Cumhur İttifakı İBB adayı Murat Kurum’un eleştirilerine maruz kalan İmamoğlu, yapılan 10,2 milyar TL değerindeki yatırımlarla İstanbul’daki sel ve su baskını sorunlarını çözdüklerini belirtti. Başkan, “3 yılda 107 noktada yatırım yaparak sel ve su baskını sorununu çözdük. İstanbul’da artık denizle kara birleşmiyor” diyerek, eleştirilere iş ve başarılarıyla yanıt verdi.
İmamoğlu, tatil eleştirilerine karşı da “3 senede 20 gün izin yaparak, afet bölgesine giderek şov yapmanın işi olmadığını” söyleyerek, tatilin bir insan hakkı olduğunu ve bu hakkın siyasi malzeme olarak kullanılmaması gerektiğini savundu.

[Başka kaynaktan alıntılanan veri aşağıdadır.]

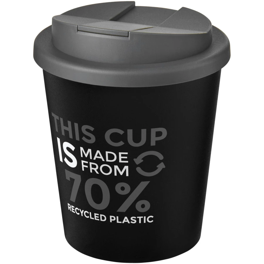 Dwuwarstwowy, izolowany kubek ze szczelną zakręcaną pokrywą odporną na zalanie. Pokrywa zamykana jest na zatrzask, aby lepiej zapobiegać rozlaniom i wykonana została bez użycia silikonu, dzięki czemu kubek w pełni nadaje się do recyklingu. Kubek wykonany jest w 100% z polipropylenu z recyklingu, a pokrywka z polipropylenu klasy spożywczej. Odcienie czerni lub bieli mogą się różnić. W przypadku opcji białej występuje efekt tekstury kolorystycznej, co wynika z natury materiału pochodzącego z recyklingu. Zgodny z EN12875-1; nadaje się do mycia w zmywarce oraz podgrzewania w kuchence mikrofalowej. Pojemność 250 ml. Dostarczany w torbie, którą można kompostować w domu. Wyprodukowano w Wielkiej Brytanii. Produkt wolny od BPA. Można myć w zmywarce.

Tatil Hakkı Tartışması: Bireysel Tercihin Ötesinde Bir Toplumsal İhtiyaç
Bu tartışmalar, tatil hakkının sadece bireysel bir tercih değil, aynı zamanda toplumsal bir ihtiyaç olduğunu gösteriyor. İmamoğlu’nun tatil savunması, tatilin siyasi bir malzeme olarak kullanılmasının ötesinde, her bireyin dinlenme ve kendini yenileme hakkına sahip olduğunu hatırlatıyor. Bu durum, tatilin sadece lüks veya ayrıcalık olmadığını, temel bir insan hakkı olduğunu vurguluyor.